Presos PMs que seqüestraram mulher de 86 anos em SP

Os soldados da Polícia Militar Alexandre Fonseca e José Aparecido da Conceição, que trabalhavam no 35.º Batalhão Policial Metropolitano, em Itaquaquecetuba, na Grande São Paulo, foram presos na segunda-feira numa casa em Poá onde mantinham como refém Carmen Guerra, de 86 anos, seqüestrada havia 19 dias. Ela emagreceu dez quilos e estava muito debilitada, quase sem forças para andar. Por ter se submetido a uma cirurgia cardíaca para implantação de uma ponte de safena uma semana antes do seqüestro ela foi internada no Instituto do Coração (Incor) horas depois de libertada. Os investigadores da Divisão Anti-Seqüestro (DAS) encontraram Carmen trancada num quarto de 2 metros por 2 nos fundos de uma casa na chácara da Estrada do Guaió, no Jardim Nova Poá. Além dos dois PMs, os policiais prenderam uma mulher que cozinhava para a quadrilha e servia comida para a seqüestrada. Outras duas pessoas estão sendo procuradas. Uma delas seria o mandante do crime. O seqüestro ocorreu na manhã de 14 de abril na casa de Carmen no centro de Suzano, Grande São Paulo. Ela foi levada pelos dois PMs para Poá, onde ficou a maior parte do tempo com as mãos amarradas.
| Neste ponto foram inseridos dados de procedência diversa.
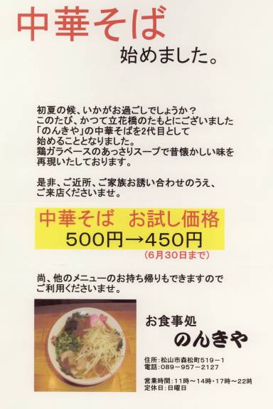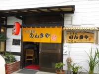 手書きみたいな文字で「のんきや」って黒い太字の看板?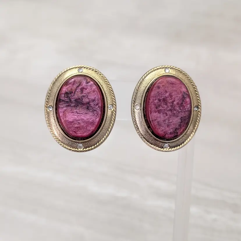 Earrings are tested and photographed on a thin/smooth earring stand (not included) to show that the clips are in working order.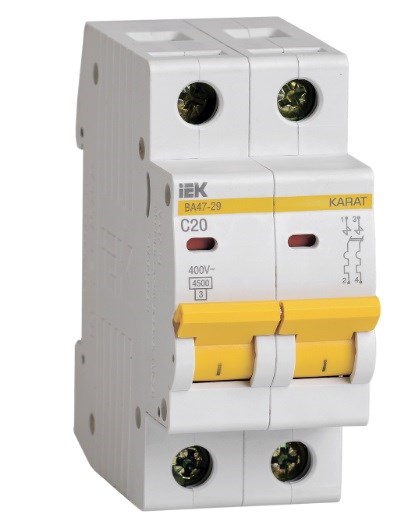 Выключатель автоматический IEK KARAT ВА 47-29, двухполюсный 2Р, 20А, 4.5кА - купить в Орле недорого!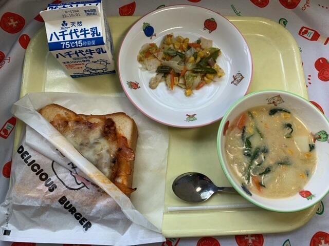 献立:ピザトースト、やさいソテー、米粉のコーンスープ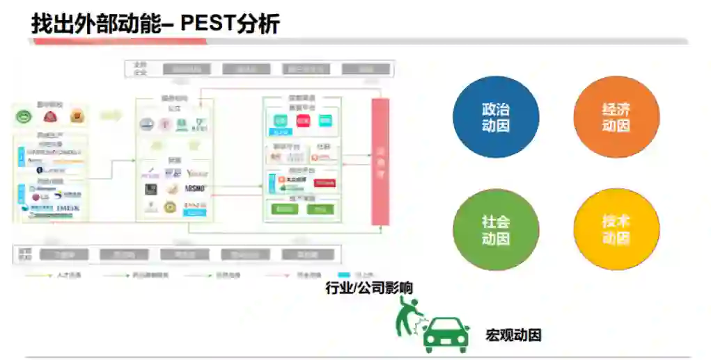 同时心中有这张全景图,能帮助你更好的思考PEST与波特五力对行业某类角色的影响(具体内容可以参考商业分析连载三)。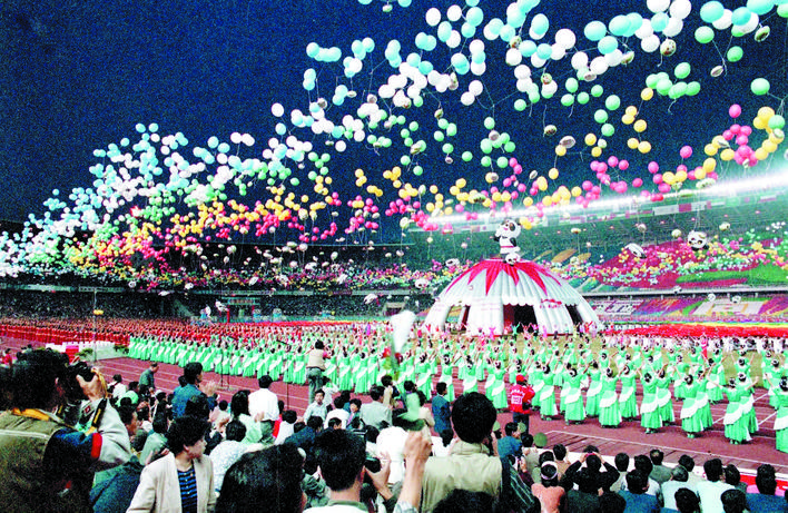 1990年9月22日至10月7日,第十一屆亞運(yùn)會(huì)在北京舉行。這是中國(guó)首次舉辦國(guó)際綜合性運(yùn)動(dòng)會(huì)。圖為開(kāi)幕式現(xiàn)場(chǎng)。 新華社發(fā)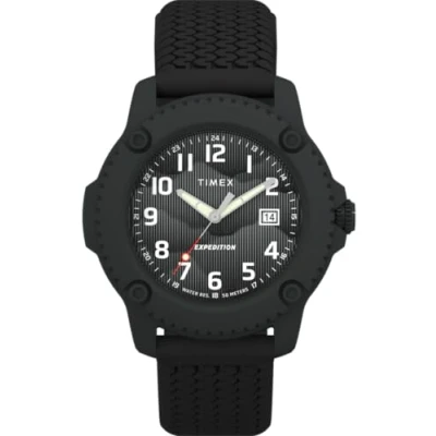 With its bold camo print dial and durable yet lightweight build, our Expedition Timber is strength, style, and utility, all in one fearless companion. This Analogue watch features a calendar function: Date and is equipped with Luminous Hands High quality Black Silicone strap, measuring 21 cm in length and 19 mm in width, with a Buckle Case diameter: 42 mm,case thickness: 11 mm, case colour: Black and dial colour: Black Water resistant: 5 bars-Weight: 52 g The watch is delivered in an original gift box and has a warranty of 2 years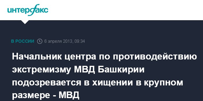 Начальник центра по противодействию экстремизму МВД Башкирии подозревается в хищении в крупном размере - МВД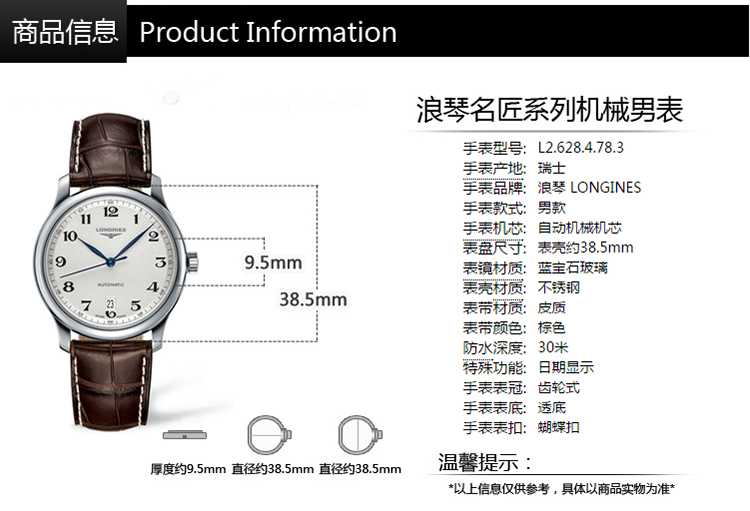 【男表】浪琴(Longines)手表 名匠系列机械情侣表男表L2.628.4.78.3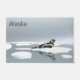 Uma pintura digital de uma Foca de Fita marrom e branca assentando em um gelo flutuando em uma cinza e um dia de sonho. O texto personalizável lendo "Alaska" também é exibido. O selo da frança (Histriophoca fasciata) é uma espécie média que se pinta da verdadeira família das focas (Phocidae). Estão entre os mais notáveis e facilmente reconhecíveis. Podem ser identificados pelas bandas distintivas de cor clara ou "fitas" que rodeiam o pescoço, cada frondosa e quadris. O contraste é particularmente forte com os machos, tendo uma pelagem castanha escura a preta com fitas brancas, as fêmeas variam de cinza de prata a castanho escuro com fitas paler. As crias recém-nascidas de foca de fita têm pelo branco natal. Depois de moldar o pelo natal, sua cor muda para a cinza azul nas costas e a prata embaixo; depois de alguns anos, algumas porções ficam mais escuras e outras mais brilhantes, e somente aos quatro anos de idade o típico design mostra. As focas de fita moldam a casaco de cabelo anualmente, começando em maio e terminando em julho, com os indivíduos mais jovens molhando mais cedo. O selo da fita possui um saco de ar inflável grande que está conectado à traqueia e se estende do lado direito sobre as costelas. Pode funcionar como um dispositivo de flutuação, para armazenamento de ar durante o mergulho ou para "fonação". É maior nos homens do que nas mulheres. O selo de fita pode crescer até cerca de 5,2 pés de comprimento e pesar até 209 lb em ambos os sexos. As focas de fita alternam as suas frondes e balançam os seus quartos traseiros para atravessar o gelo, a preferencialmente, do que utilizando o movimento semelhante à lagarta normalmente utilizado pela maioria das focas. Os selos de fita são também adaptados fisiológica e anatomicamente para fazer mergulhos mais profundos (até cerca de 1950 pés (600 m)) e natações mais rápidos que outros selos. Têm um saco de ar que as focas de fita são uma espécie sazonalmente ligada ao gelo encontrada nas regiões árcticas e subárticas do oceano Pacífico Norte, nomeadamente no Mar de Bering e no Mar de Okhotsk, e em partes adjacentes do oceano Ártico, incluindo o Mar de Chukchi, no Mar Siberiano Oriental e no Mar de Beaufort Ocidental. Estas focas são relativamente solitárias, passando a maior parte do seu tempo no oceano aberto e formando agregados soltos no gelo do grupo durante a primavera para dar à luz, crias de enfermeira, e moldados. Eles são muito raramente vistos em gelo ou terra de curta distância. Essa espécie parece preferir geleiras "limpas", moderadamente grossas, encontradas na zona interna da frente do gelo. Do final de março ao início de maio, as focas de fita no Mar de Bering variam entre as Ilhas Pribilof e o Golfo de Anadyr, aproximadamente ao longo do intervalo da plataforma continental, sendo mais abundantes na parte noroeste do gelo. À medida que o gelo recua de maio a médio de julho, as focas se movem mais para o norte, onde se arrastam na extremidade do gelo recuado e restam gelo, ocasionalmente em grupos densos. Após o derretimento do gelo, a maioria das focas de fita provavelmente migrará com o gelo marinho recuado através do Hetero de Bering para o Mar Chukchi ou permanecerá pelágica no Mar de Bering durante o resto do ano. Até à data, só foram reconhecidos dois casos em que se encontraram focas de fita a sul de Seattle, Washington e ainda mais ao sul na Baía de Morro, Califórnia. Não havia nada que sugerisse que a doença era a causa do aparecimento das focas em qualquer lugar, pois ambas pareciam saudáveis. As mães de foca de fita dão à luz os seus filhotes longe do mar no gelo durante os meses de abril a princípios de maio. As crias duplicam o seu peso durante o aleitamento e são desmamadas após três a quatro semanas. O acasalamento deve ocorrer logo após o desmame, embora pouco se saiba do sistema de criação. Sabe-se que as focas de fita comem uma variedade de peixes, cefalópodes e crustáceos; no entanto, a informação sobre os seus hábitos alimentares é limitada e restringida principalmente à primavera quando as focas de fita se alimentam normalmente menos, como evidenciado pela diminuição do peso e da espessura da borracha. Embora haja pouca evidência direta de predação, potenciais predadores de focas de fita incluem ursos polares, baleias assassinas, tubarões e morsas. Os selos de fita são relativamente instáveis enquanto são arrastados e podem ser aproximados de perto por barco. Este comportamento sugere que as focas de fita provavelmente não experimentam muita predação por ursos polares, mas podem também torná-las especialmente susceptíveis à caça pelo homem. Os nativos da Sibéria e do Alasca caçaram o selo de fita durante muitas gerações para fins de subsistência, e estima-se que a atual captura anual dos nativos do Alasca seja inferior a 200 focas por ano. As colheitas comerciais de focas de fita foram realizadas por seladores soviéticos nos anos 1960-1980, período em que se pensa que a população do Mar de Bering tenha diminuído de 80.000 ou 90.000 animais para 60.000. Levantamentos no início e médio dos anos 1970 fizeram a estimativa populacional mundial de focas de fita entre 200 mil e 240 mil, com estimativas entre 60 mil e 100 mil no Mar de Bering. Não está atualmente disponível uma estimativa mais recente e fiável da abundância. Os predadores do selo de fita incluem a orca, o tubarão da Gronelândia e os ursos polares. Na década de 1960, a população de focas de fita no Mar de Bering foi reduzida de cerca de 120 mil para 70 mil. O tamanho da população aumentou para cerca de 130 mil em 1987, depois que as cotas foram fixadas para limitar a colheita a cerca de um quarto do número de focas caçadas anteriormente. Na última avaliação das unidades populacionais (2007), o Serviço Nacional de Pesca Marinha estimou uma população global de 240.000 focas de fita, 90.000-100.000 das qua
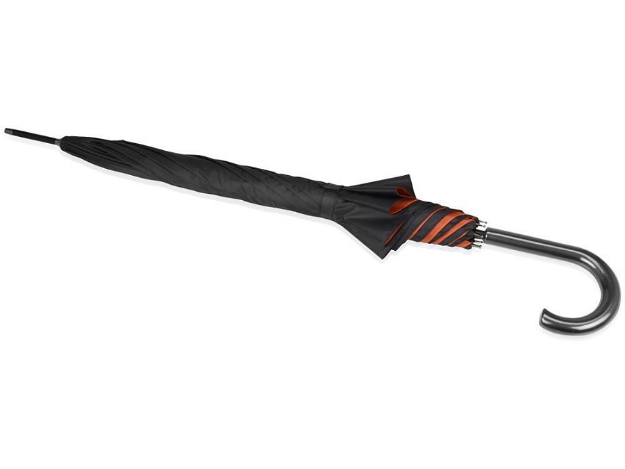 Интересный двухцветный зонт-трость спасет вас от дождя и легкого снега. Внешняя поверхность купола окрашена в черный цвет, а внутренняя имеет яркий, насыщенный оттенок, что непременно привлечет внимание. На купол зонта можно нанести логотип.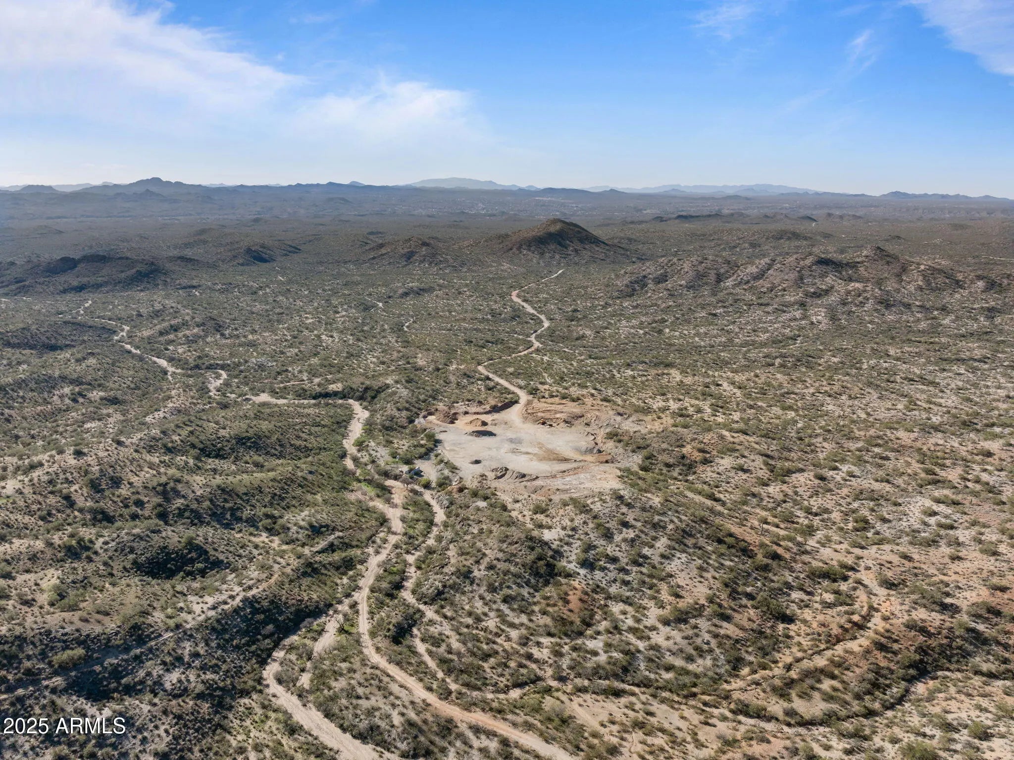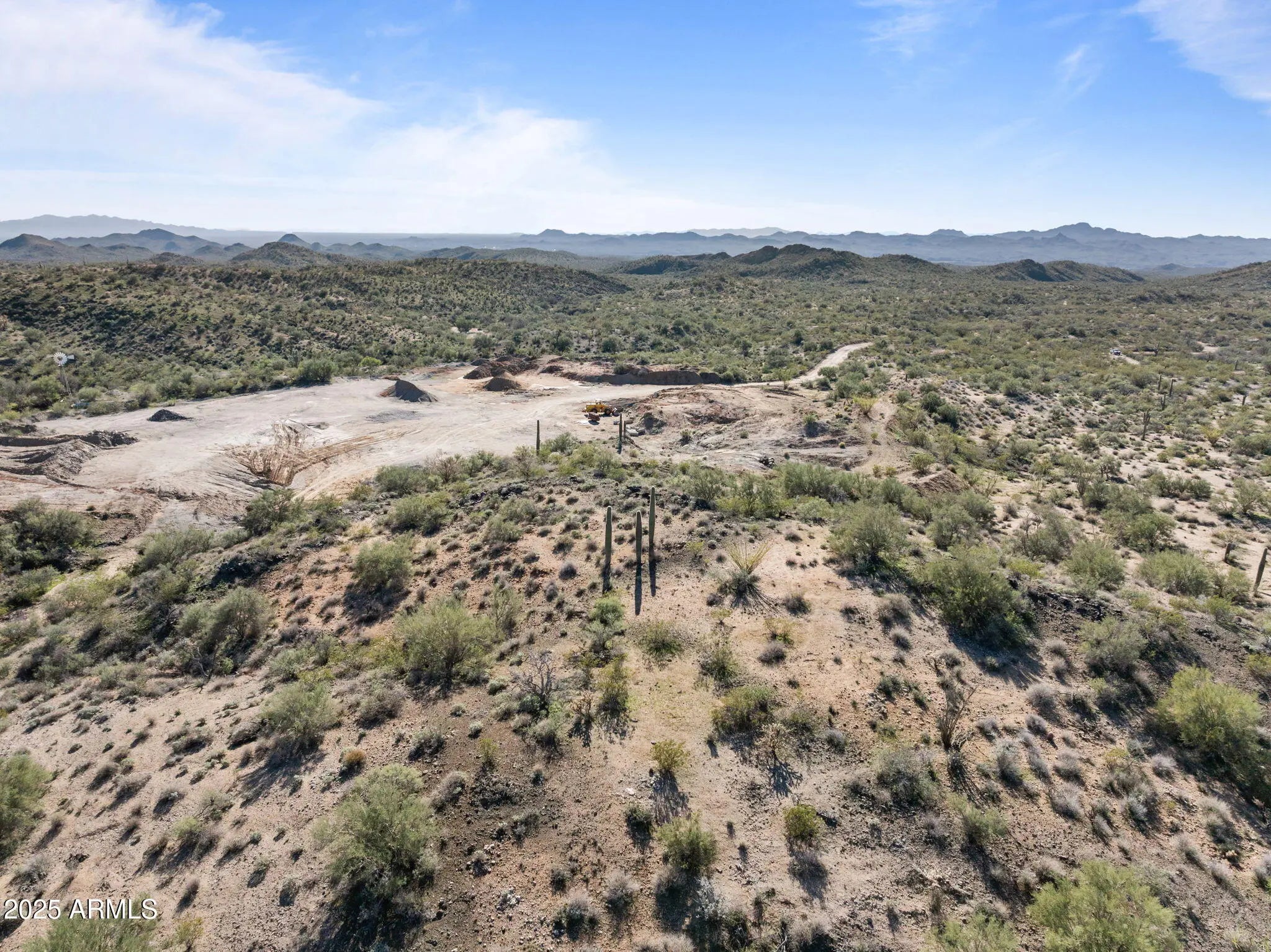 Rare opportunity to own 41.3 acres in Wickenburg, offering endless potential and unmatched privacy. An additional 20 acres just down the road is also available—ideal for establishing the main headquarters or expanding your operations. Currently used as a gravel yard, this versatile property is zoned RCU-2A, allowing for a wide range of residential, ranching, and commercial-style uses. Enjoy gorgeous mountain views, open desert surroundings, and the benefit of being surrounded by State Land for ultimate seclusion. Property includes a private well powered by a generator, and offers plenty of room to build a main home, guest house, large shop, arena, horse barns, hay barns, or storage barns. If a homesite isn't your goal, this acreage is perfect for a storage yard, ranching setup, workshop space, or other functional uses. Additional value comes with mining claims Prosperity Number Four & Prosperity Number One, located in the Blue Tank District (MS No. 4015). Whether you're looking for a private ranch, investment acreage, headquarters for your operation, or a property with mining potentialthis land provides flexibility and wide-open opportunity.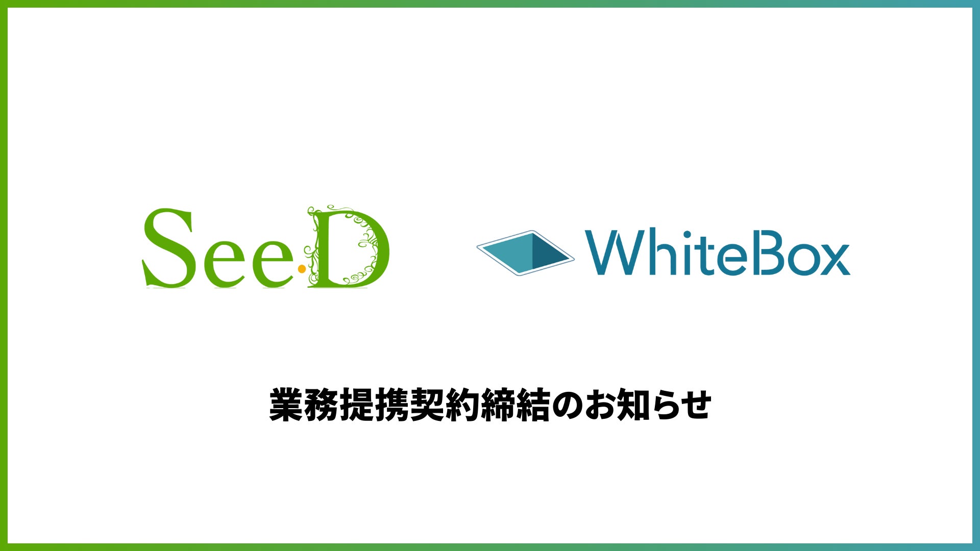 株式会社SeeD(本社:東京都港区、代表取締役社長:高橋 俊介、以下「SeeD」)は、株式会社WhiteBox(本社:東京都渋谷区、代表取締役:川原 翔太)と業務提携契約を締結いたしました。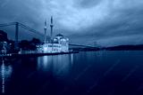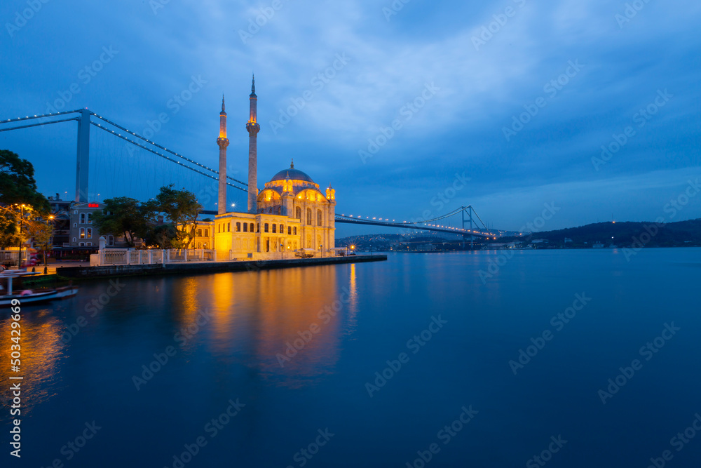 Istanbul. Image of Ortakoy Mosque with Bosphorus Bridge in Istanbul during beautiful sunrise.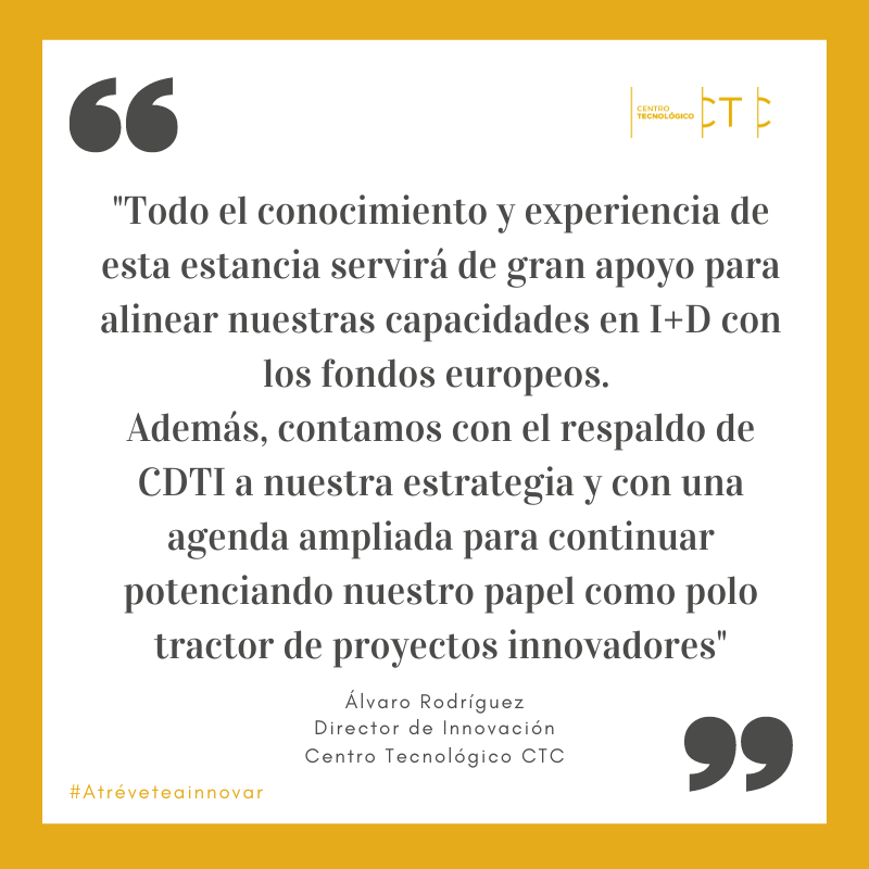Mis objetivos a la vuelta son, al mismo tiempo, gratificantes y retadores: aumentar paulatinamente la tracción de proyectos internacionales a CTC, inspirar al resto de compañeros sobre las ventajas de colaborar con otros socios a nivel internacional y ser el punto de referencia dentro de nuestra organización en materia de convocatorias europeas. Todo ello con la misión de alinear nuestras capacidades en I+D con los fondos europeos, lo que nos hará más atractivos para las empresas con las que colaboramos.

Sérgio Guerra, filho da vítima, dono de estacionamentos, apresentou queixa à polícia. Sua preocupação e dos parentes era com o estado de saúde de Carmen por causa da cirurgia. Remédios - O contato dos seqüestradores com a família foi no dia seguinte. Eles queriam R$ 2 milhões e pediram o nome dos medicamentos que ela deveria tomar. Os telefonemas passaram a ser monitorados pela DAS. O valor do resgate caiu para R$ 1 milhão e na semana passada os seqüestradores passaram a falar em R$ 500 mil. Eles acreditavam que o filho de Carmen teria condições de pagar os R$ 500 mil. Disseram que se recebessem o dinheiro antes do sábado Carmen estaria em casa para "o dia das mães". Uma denúncia anônima levou os policiais até o cativeiro. Os soldados foram autuados por extorsão mediante seqüestro na DAS e entregues à Corregedoria da PM. O comando do 35.º Batalhão informou hoje que os soldados trabalhavam no policiamento ostensivo e respondiam a sindicâncias internas por problemas disciplinares.